Since it has previously been established that TrA and IO are synergists, it was assumed that the IO log represented TrA activity (this assumption was previously validated). Bracing and casting were performed with ultrasound image guidance as per previous studies. Spinal kinematics were measured and modeled using the Isotrak 3D imaging system. The main outcome measures used were spinal stability index and spinal compression (each calculated via laboratory modeling techniques using the raw data).
Relevant results of this study include:
• Both simulation and in vivo data indicated that abdominal bracing was superior to abdominal tucking in terms of increased spinal stability with less compression
• Bracing increased spine stability by an additional 32% compared to casting, while only increasing compression by 15%
• in all subjects, selective activation of TrA was extremely difficult, if not impossible, as evidenced by the fact that all other abdominal muscles did not remain silent during abdominal hollowing; this suggests that abdominal hollowing seems to result in some degree of reinforcement
• all the simulations performed indicated that TrA had no effect on spinal stability
Conclusions and practical application:
The results of this study indicate that the abdominal brace is a superior strategy to increase spinal stability and avoid spinal loading compared to abdominal tucking. The authors were quick to point out that these results should not diminish the potential benefit of the void to retrain a TrA deficit from a motor control perspective, as it is still part of the abdominal wall. However, the common advice from therapists and exercise professionals to “retract” in an effort to increase stability seems to be misdirected. It may also be relevant that this study indicated that any attempt to cup seemed to recruit other abdominal muscles and thus represented low-level bracing. The authors speculate that during muscle activation, the layers of the abdominal wall may coalesce, resulting in increased spinal stiffness. If this is true, the TrA would still be important as a member of the “muscle orchestra” rather than as a solo contributor.

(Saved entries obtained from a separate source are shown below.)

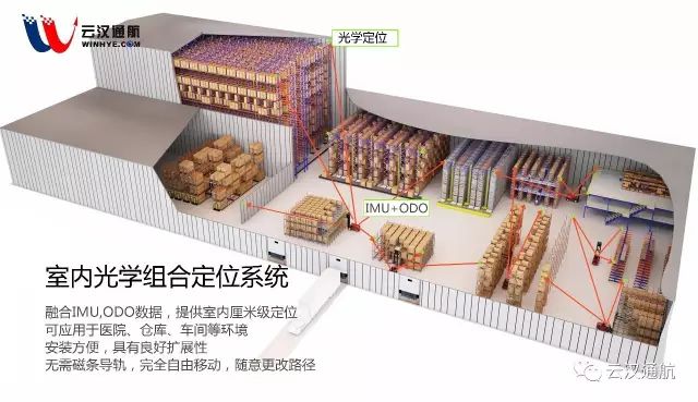 云汉通航自主研发的光学组合定位方案,通过光学转角测量定位、惯性导航、车轮等传感器进行地图匹配,实现厘米级室内车辆定位功能,能够适应复杂光线、遮挡等环境,无需布置引导线,即可实现无人车导航、有人车辆监控等功能。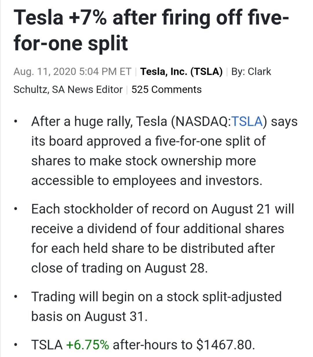Cai Shen August 13, 2020 vor 1 Stunde von pepr87: Oder wo habe ich hier den Denkfehler bei dem Prozess? Dass bereits vor dem 28.08. jeder weiß, wie sich die Anzahl an Aktien durch den Split verhalten wird und eine Aktie nach der Verfünffachung derer Anzahl eben KEINE 1.xxx USD mehr wert ist. Diesen Beitrag teilen Link zum Beitrag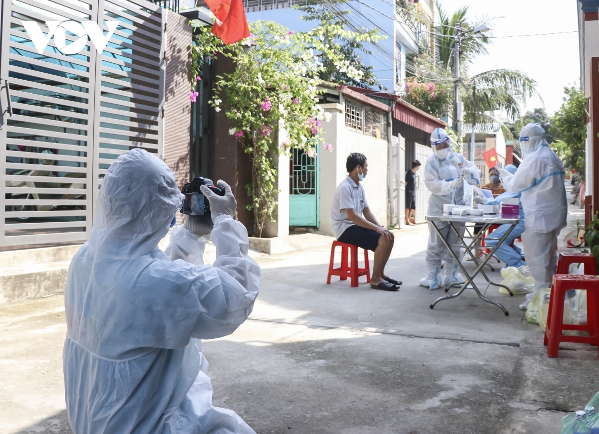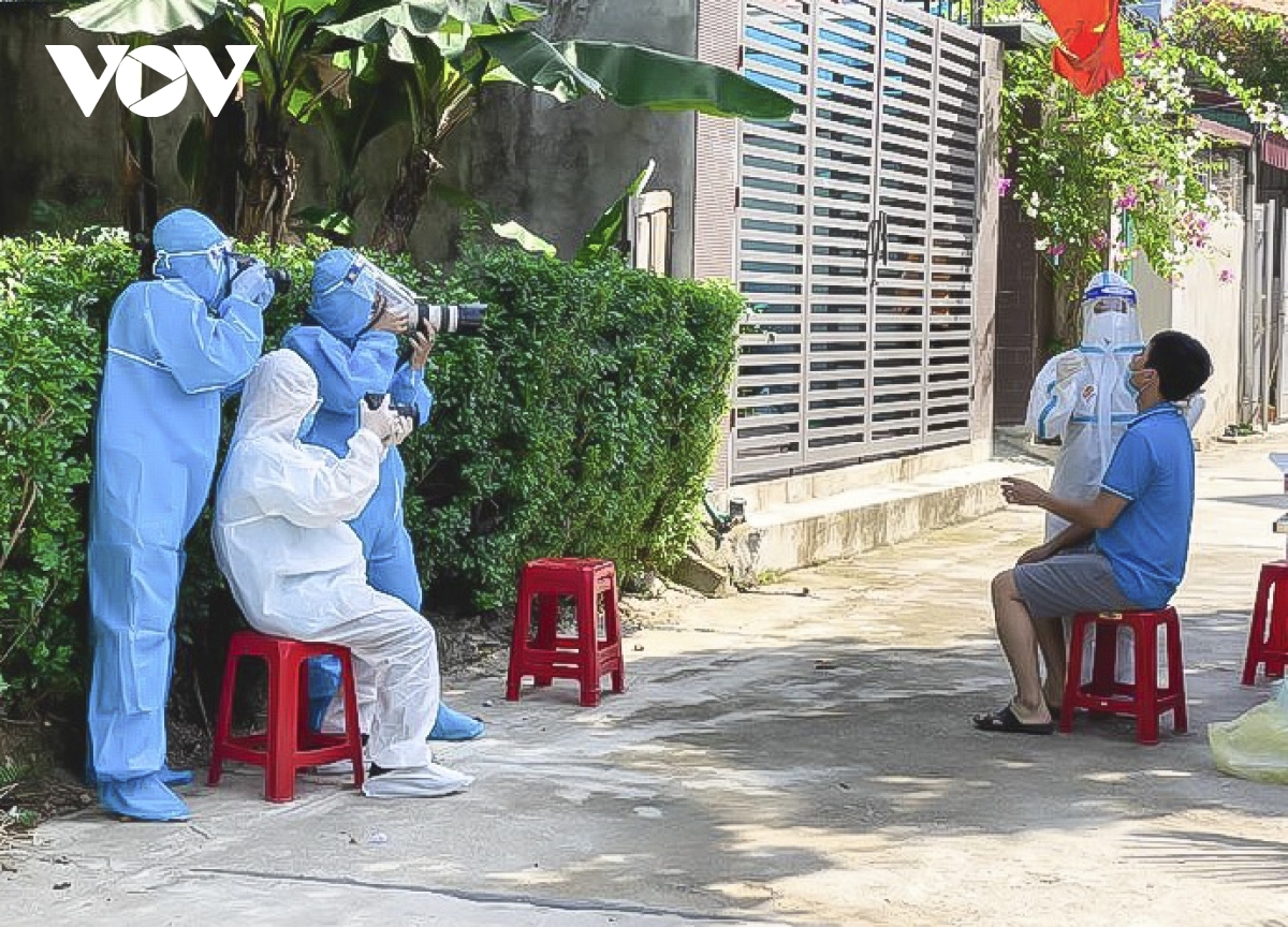 Reporters detail breaking news at a COVID-19 hotspot in Him Lam ward in Dien Bien Phu city. |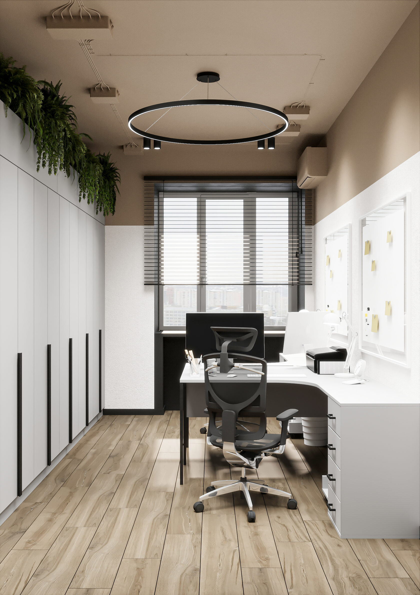 Итог: Проект успешно реализовал цель создания не просто рабочего пространства, но целостной и вдохновляющей среды, где каждая деталь продумана для максимальной функциональности и комфорта. Это современный офис, который одновременно прост и элегантен, предлагая оптимальные условия для эффективной и приятной работы, способствуя благополучию всех сотрудников.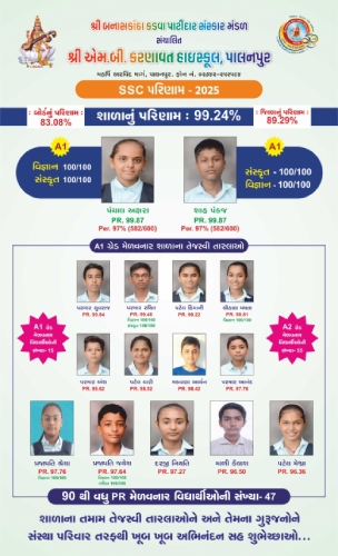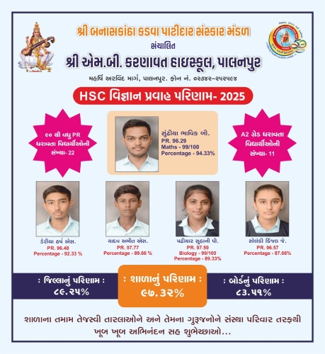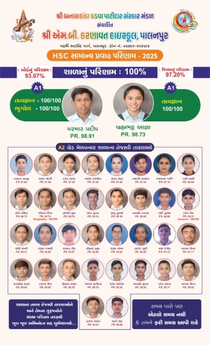 | શ્રી એમ બી કર્ણાવત હાઇસ્કુલ નું પરિણામ | - | 92.49% | 85.71% | - | - | 79.77% |

Returning to the original finding of delayed TrA activation in patients with back pain, the authors of this study cleverly suggest that this finding may be “statistically significant, but not mechanistically significant.” From a practical perspective, abdominal bracing is easier to achieve and appears to be a more effective strategy to implement with patients with low back pain. The exact role of TrA-specific training remains to be further studied.
It should be noted that this was a small study, conducted in a small group of healthy subjects. Further studies are required to quantify these relationships in older patients with back pain and other patient populations.